Monday, Nov. 27, 1950

Waiting for Lefty

At Lake Success the representatives of 60 nations anxiously waited for nine unhurried Chinese Communists led by a general named Wu Hsiu-chuan. Impatient U.N. delegates mulled over reports that the Chinese would reach New York by Nov. 24, speculated curiously about where the Chinese would eat and sleep. (One popular guess: in the Russians' rented mansion at Glen Cove, L.I.)

Both Russia and the U.S. took steps to make sure that the U.N. would do nothing but mark time until the delegation from Red China arrived. U.S. Delegate John Foster Dulles persuaded the Political & Security Committee to postpone indefinitely its scheduled debate on the future status of Formosa. In the Security Council, Russia's Jacob Malik threatened to use his veto power if the Council were asked to vote on a resolution proposed a week earlier by the U.S. and five other powers.
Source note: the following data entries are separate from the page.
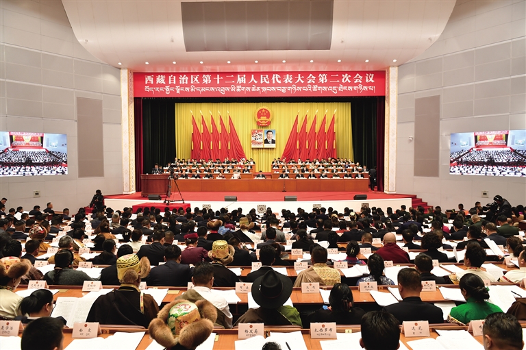 西藏自治區(qū)十二屆人大二次會議開幕現(xiàn)場?!∮浾摺〈稳势酱搿z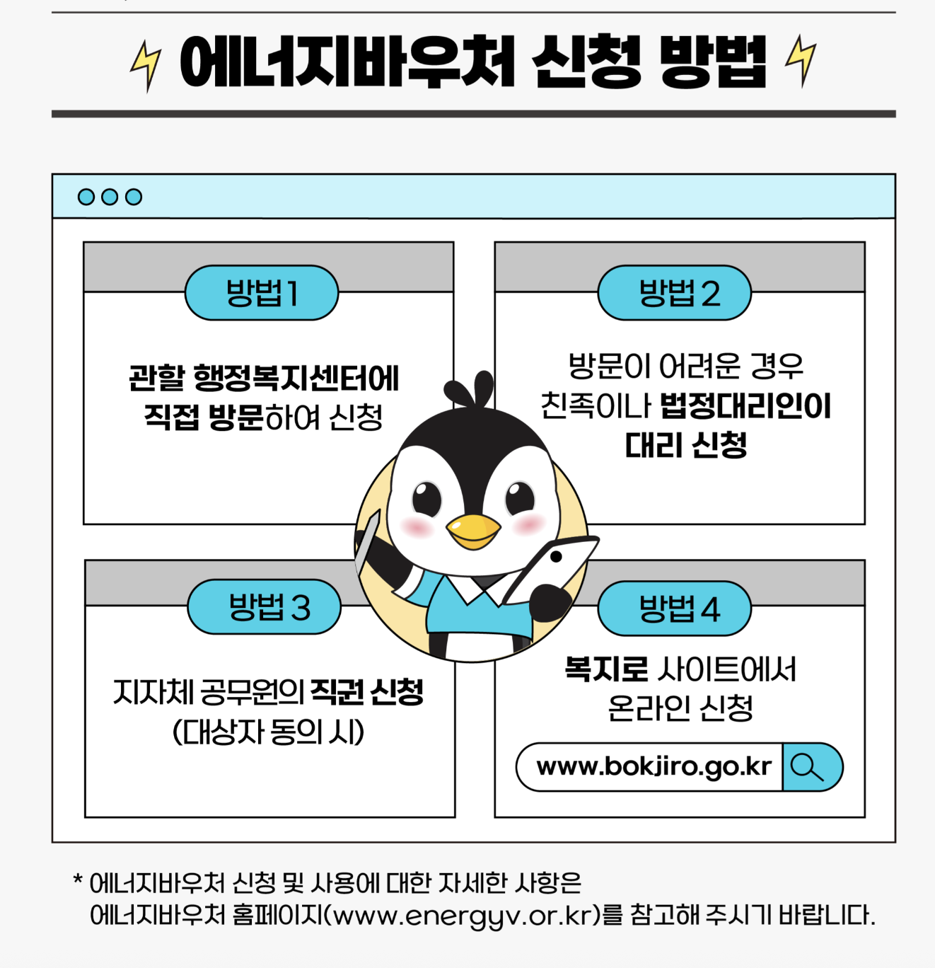 이를 통해 본인이 받은 혜택을 남김없이 활용하고, 사각지대 없이 따뜻한 겨울과 시원한 여름을 보낼 수 있습니다.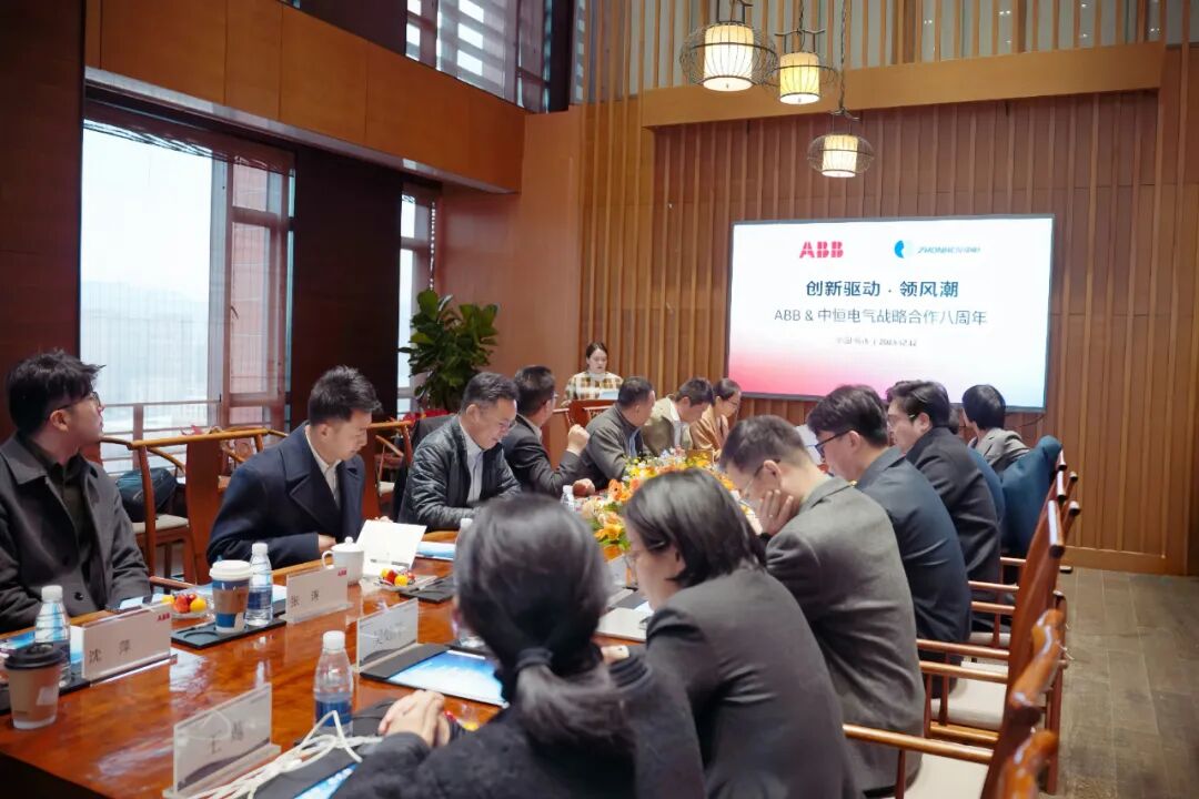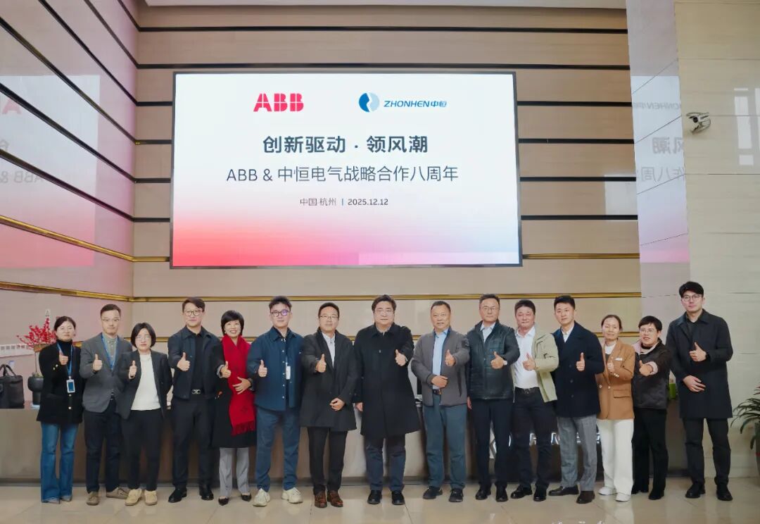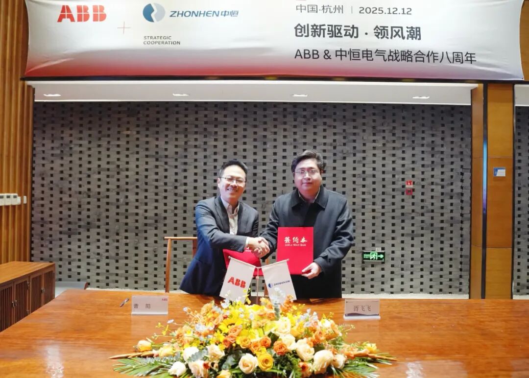 2025年12月12日下午,杭州中恒电气(002364)股份有限公司(以下简称:中恒电气)与ABB(中国)有限公司电气事业部(以下简称:ABB)在杭州中恒电气总部举办了主题为“创新驱动.领风潮”战略合作八周年签约仪式。

Although the resolution was intended primarily to quiet Chinese Communist suspicions of U.N. aims in Korea, Malik denounced it because it also contained a request that Mao Tse-tung withdraw his troops from Korea.

In the General Assembly, President Nasrollah Entezam of Iran made a mild attempt to take the Chinese bull by the horns. Entezam wanted to name a seven-nation committee to study the question of whether Nationalist or Communist delegates should represent China in the U.N. Under Russian pressure, Entezam decided to forget his plan temporarily. Like everything else, it would have to wait for Wu.